=== SUPPLIED MATERIAL ===

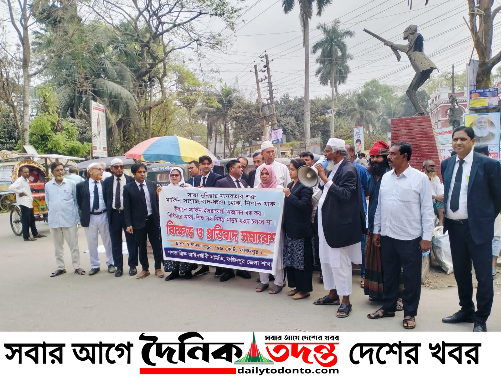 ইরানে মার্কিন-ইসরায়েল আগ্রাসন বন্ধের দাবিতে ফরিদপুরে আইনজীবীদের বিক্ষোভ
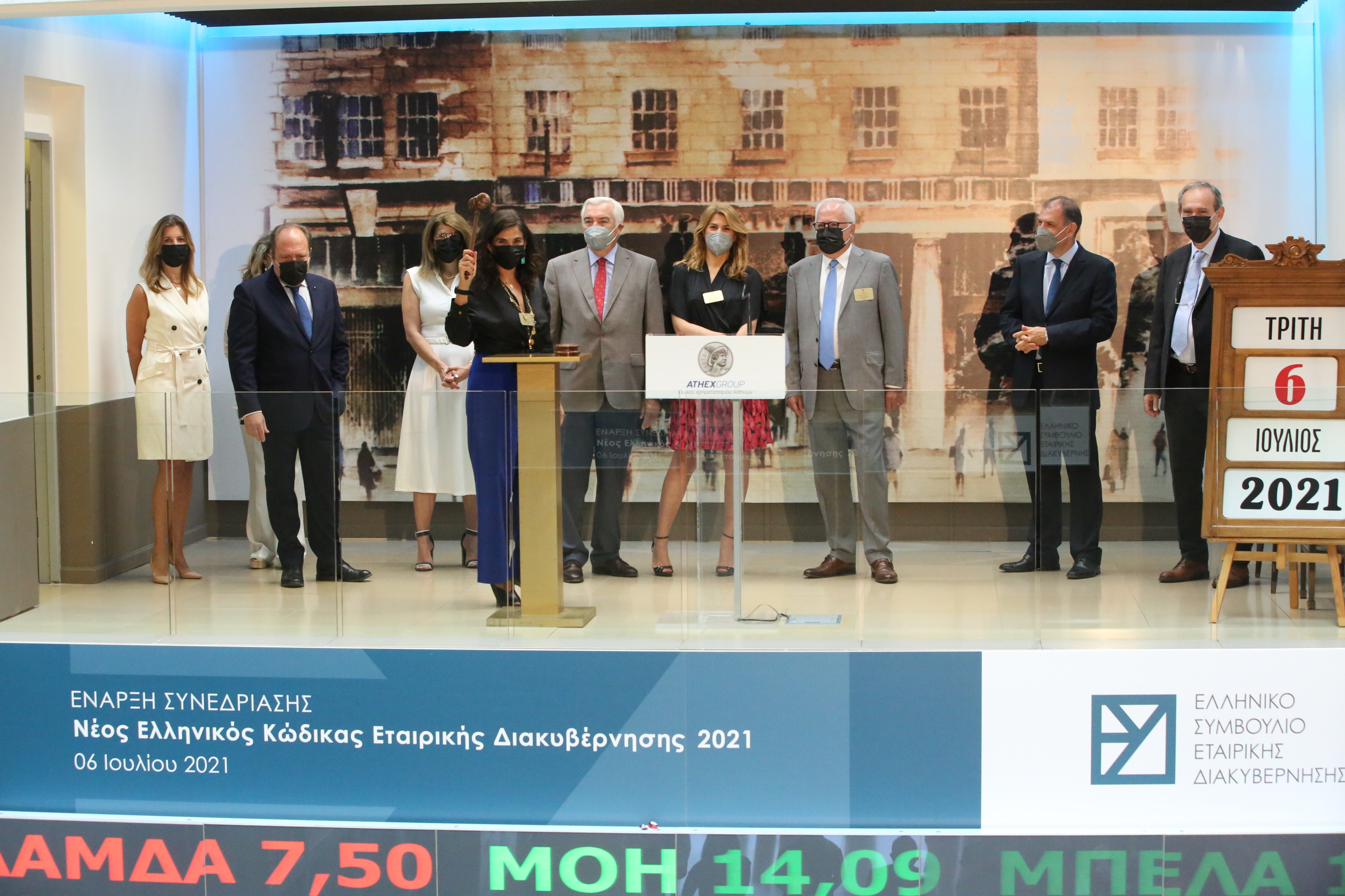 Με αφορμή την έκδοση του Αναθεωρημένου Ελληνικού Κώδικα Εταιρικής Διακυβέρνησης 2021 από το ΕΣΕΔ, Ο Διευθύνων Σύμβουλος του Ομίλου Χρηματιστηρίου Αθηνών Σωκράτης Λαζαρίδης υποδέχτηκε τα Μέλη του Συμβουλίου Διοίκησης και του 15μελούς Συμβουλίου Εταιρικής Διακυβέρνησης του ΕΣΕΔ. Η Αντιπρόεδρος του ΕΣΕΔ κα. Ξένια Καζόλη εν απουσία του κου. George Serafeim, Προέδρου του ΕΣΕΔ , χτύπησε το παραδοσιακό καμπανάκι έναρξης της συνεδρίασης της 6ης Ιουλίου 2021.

===
=== SUPPLIED MATERIAL ===

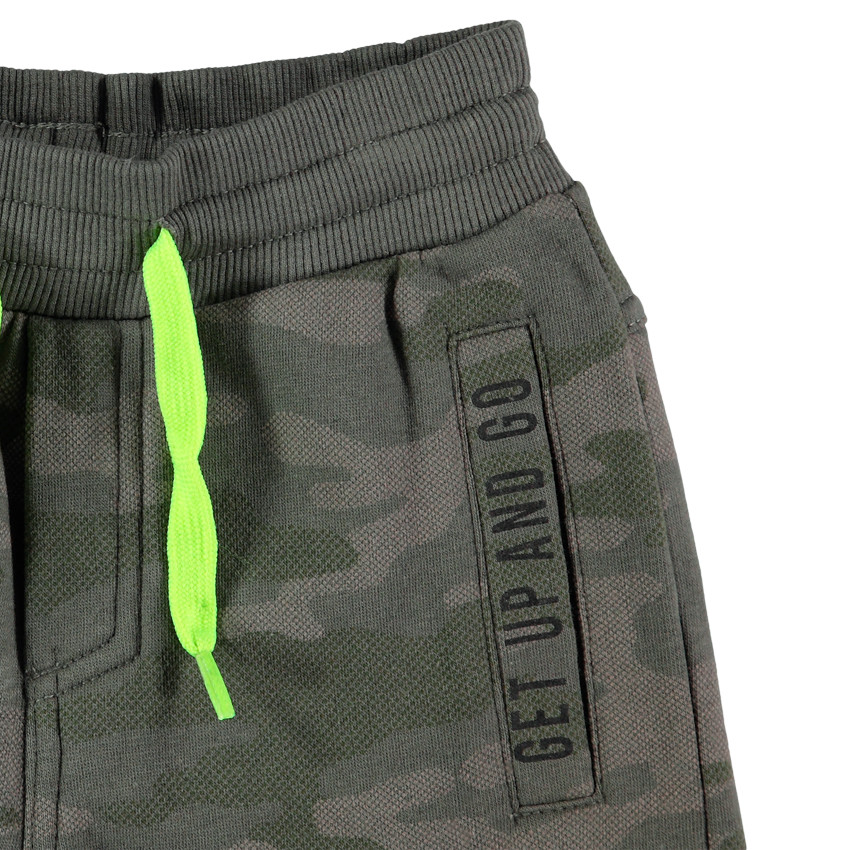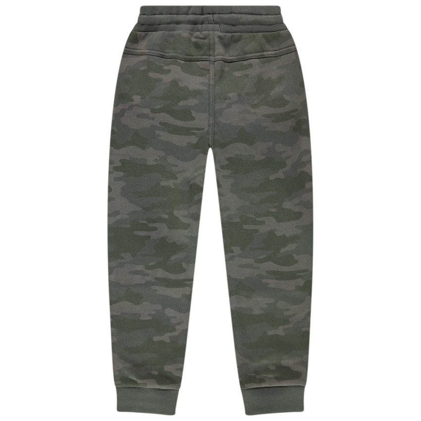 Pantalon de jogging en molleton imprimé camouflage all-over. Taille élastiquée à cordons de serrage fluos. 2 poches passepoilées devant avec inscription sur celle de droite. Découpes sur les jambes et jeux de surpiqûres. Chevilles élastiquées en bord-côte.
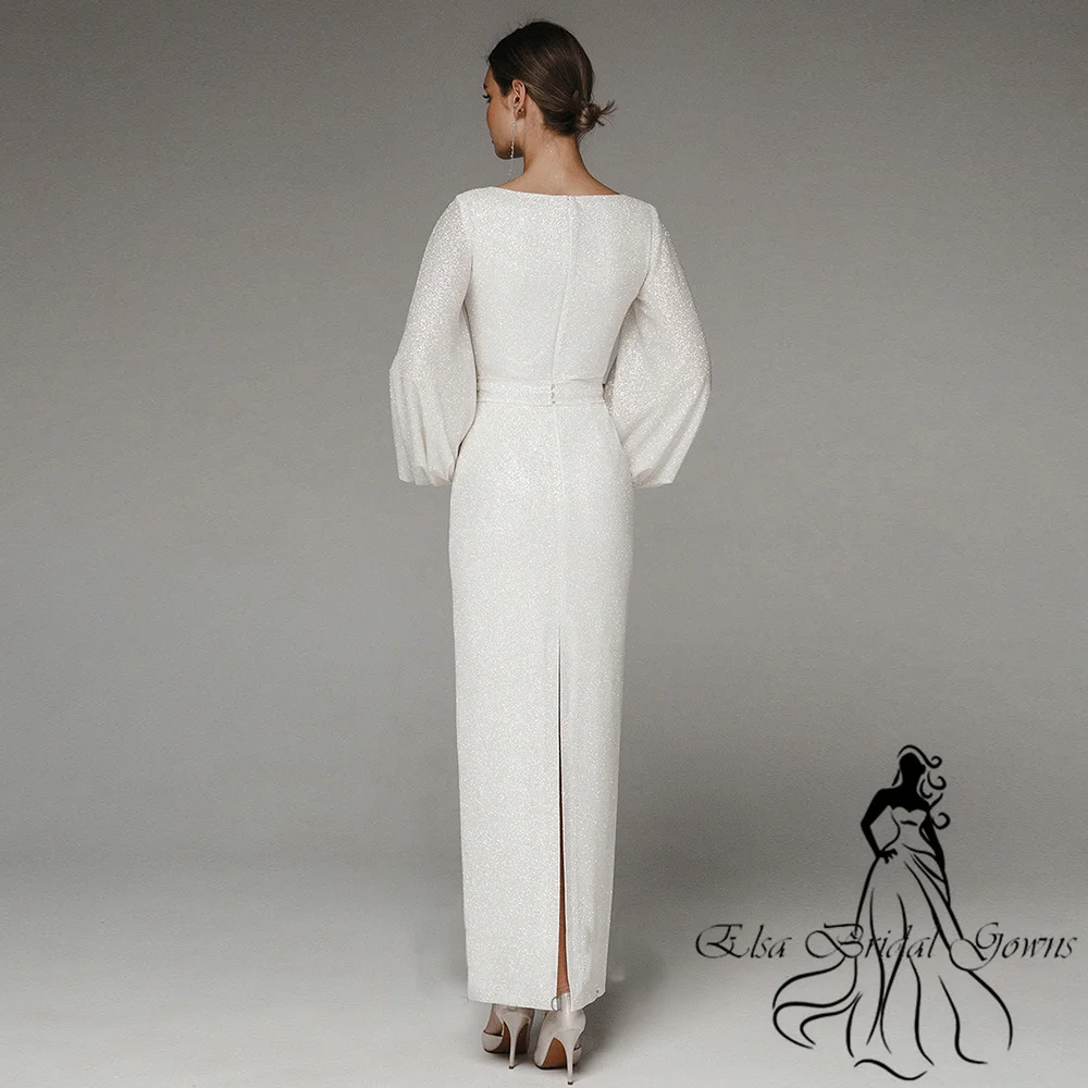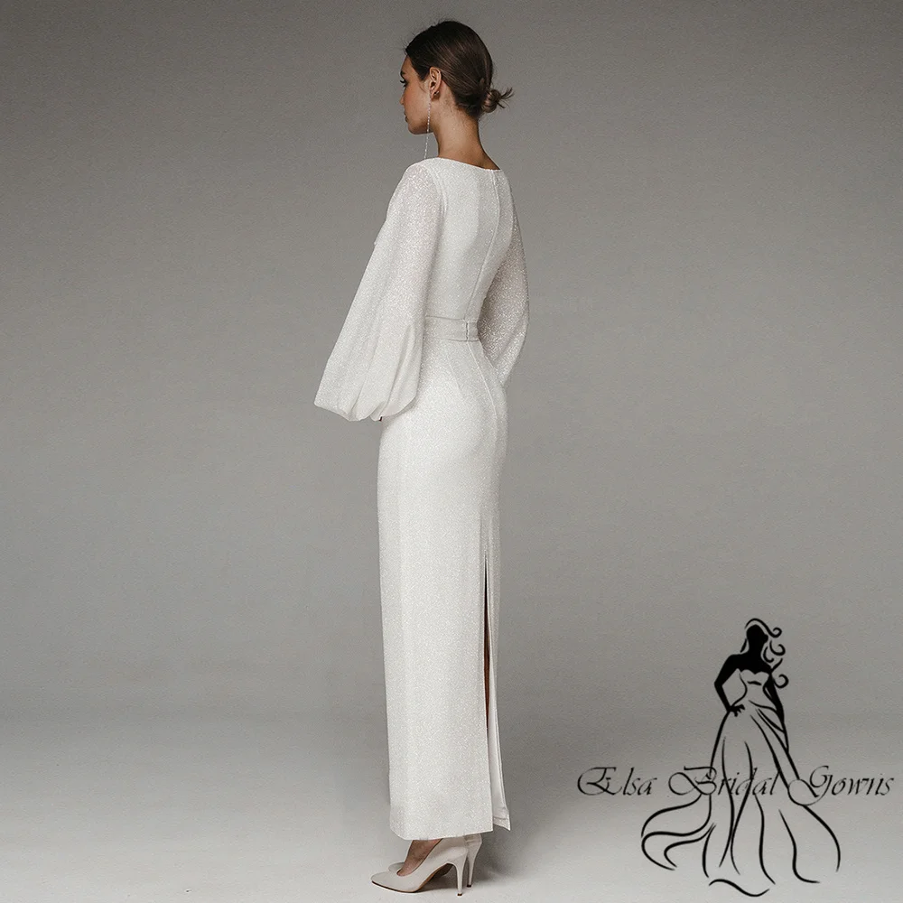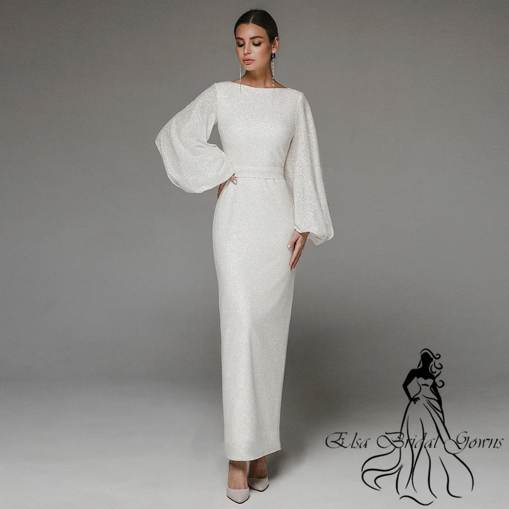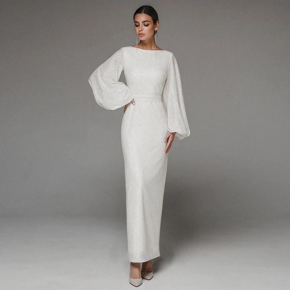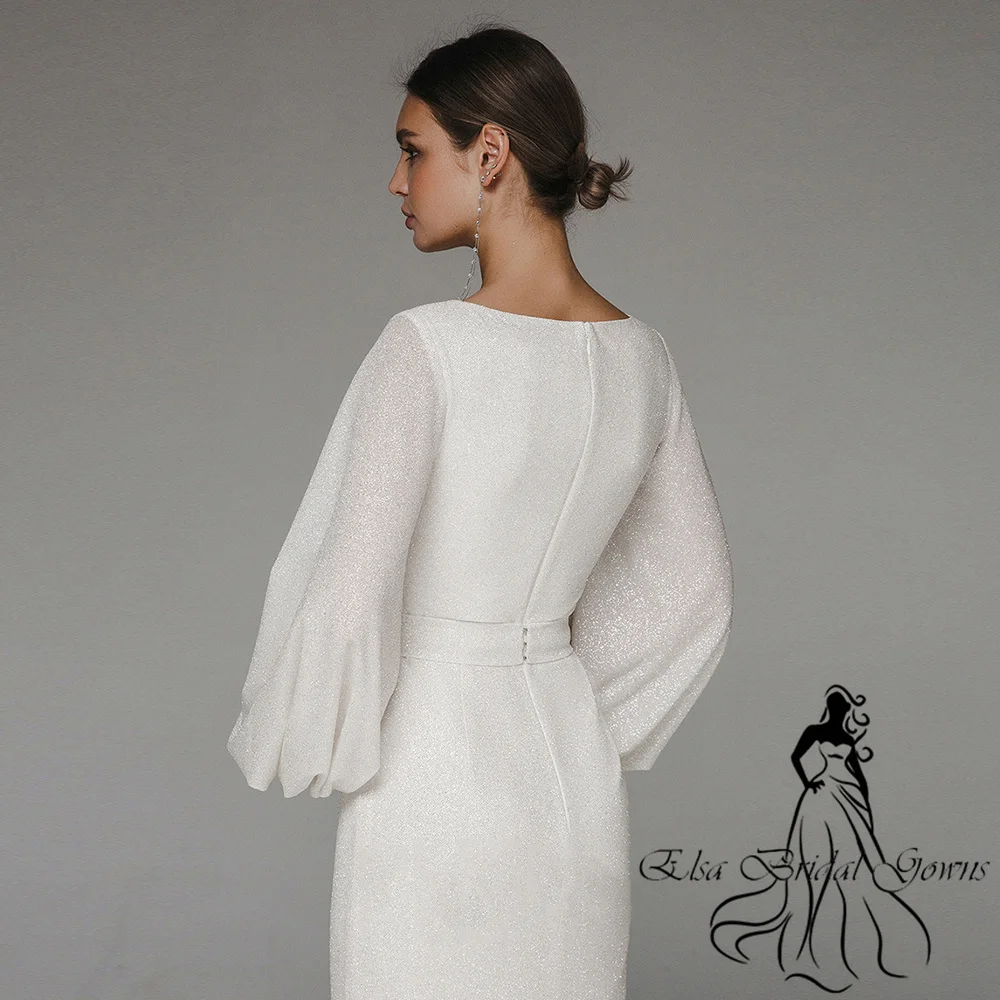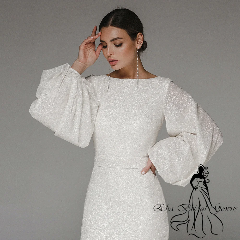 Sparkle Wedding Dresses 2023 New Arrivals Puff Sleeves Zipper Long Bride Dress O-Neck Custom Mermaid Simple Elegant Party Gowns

===

DIRECTIONS ▸
Word for word, repeat the lines above from the one with "Pantalon de jogging" through the one with "Sparkle Wedding Dresses", and nothing beyond them. Omit the pictures.

ANSWER SPACE ▸
 Pantalon de jogging en molleton imprimé camouflage all-over. Taille élastiquée à cordons de serrage fluos. 2 poches passepoilées devant avec inscription sur celle de droite. Découpes sur les jambes et jeux de surpiqûres. Chevilles élastiquées en bord-côte.
 Sparkle Wedding Dresses 2023 New Arrivals Puff Sleeves Zipper Long Bride Dress O-Neck Custom Mermaid Simple Elegant Party Gowns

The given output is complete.